Митро взглянул на Илью исподлобья. Поднялся, хмуро сказал:
– Ну, дело твое… – и вышел. Дверь хлопнула так, что закачалась занавеска.
Варька испепелила брата взглядом, вскочила и, чеканя шаг, ушла на кухню. Кузьма расстроенно прошелся по горнице.
– И что ты, Илюха, ей-богу… Жалко, что ли? Кусок, что ли, от тебя отвалится? Весь хор бы выручил… Право слово, как будто не цыган.
– Замолчи! – огрызнулся Илья.
Ему было неловко. Может, и в самом деле стоило бы съездить? Весной, когда они с Варькой вернутся в табор, можно будет с чистой душой хвастаться, что бывал в доме у настоящих миллионщиков, а не только впаривал им на ярмарке мореных жеребцов, как вся таборная братия. Да и Арапо, кажется, обиделся… Илья тряхнул головой: нет, не станет он петь в хоре!

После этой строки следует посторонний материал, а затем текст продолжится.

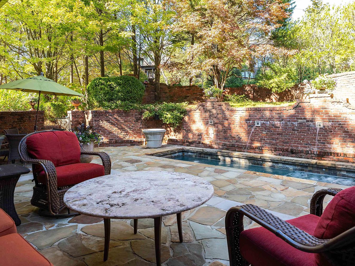 A tranquil backyard patio showcases a natural stone floor with a mix of warm colors. Two inviting wicker chairs, adorned with plush red cushions, frame a circular table with a marble top. An umbrella in a refreshing green hue provides shade, enhancing the outdoor ambiance. Behind, a textured brick wall adds rustic charm, complemented by vibrant greenery and flowering plants. A narrow pool glimmers in the background, lined by a continuation of the natural stone. Soft sunlight filters through the trees, casting tranquil patterns on the patio, creating an ideal space for relaxation and outdoor gatherings.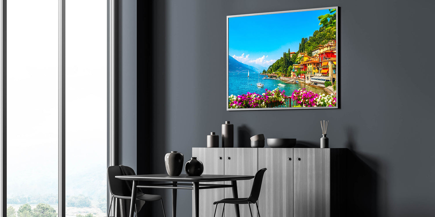 • Custom-framed Lake Como pictures, including rolled canvas and prints.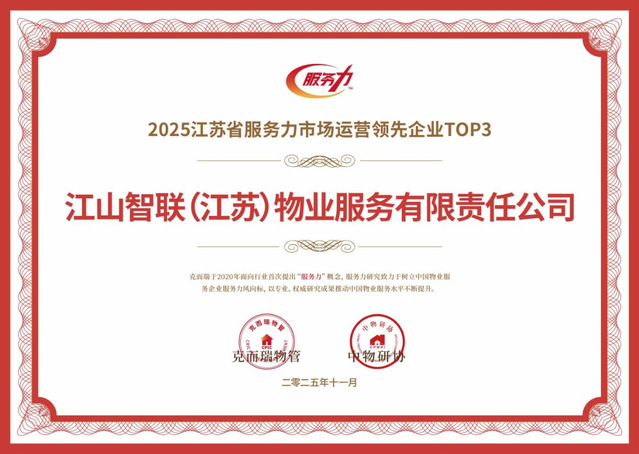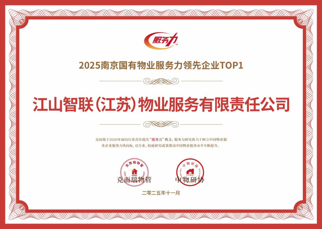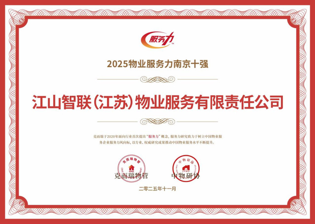 河西集團(tuán)江山智聯(lián)物業(yè)憑借卓越的服務(wù)品質(zhì)與前瞻的戰(zhàn)略布局,一舉斬獲2025南京國有物業(yè)服務(wù)力領(lǐng)先企業(yè)TOP1、2025江蘇省服務(wù)力市場運營領(lǐng)先企業(yè)TOP3、2025物業(yè)服務(wù)力南京十強、2025物業(yè)服務(wù)力江蘇省三十強、2025華東區(qū)域物業(yè)服務(wù)力百強企業(yè)、五項行業(yè)重磅榮譽。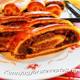 A pihent tésztát 2 fele osztjuk, kigömbölyítjük, kinyújtjuk kb. 23 x 28 cm. Megtöltjük a töltelékekkel úgy, hogy a szélén körben 1 cm hely maradjon üresen. A rövidebbik oldalon felhajtjuk kissé a tésztát és a hosszabbik oldalról kezdve feltekerjük.

Снова хлопнула входная дверь. Илья поднял голову, недовольно посмотрел на входящего Митро. Открыл было рот, чтобы спросить, чего еще надо, но вслед за Митро в горницу вошла… Настя. Илья растерянно вскочил. Тут же сел обратно, спохватившись, что перед ним всего-навсего цыганская девчонка. Торопливо напустил на себя безразличный вид.
– Добрый вечер, Илья, – весело сказала Настя, сбрасывая платок. От ноябрьского холода ее лицо горело румянцем, живо блестели черные глаза, на щеках появились озорные ямочки.
Глядя на них, Илья пытался собраться с духом.
– Здравствуй, – кое-как выговорил он.
Митро, стоящий у порога, усмехнулся:
– Вот, согласилась прийти упросить тебя. Хватит тебе одной Настьки или всех шестерых девок согнать?
В лицо Ильи жарко ударила кровь. Он опустил глаза. Ну, Арапо… Вон что удумал…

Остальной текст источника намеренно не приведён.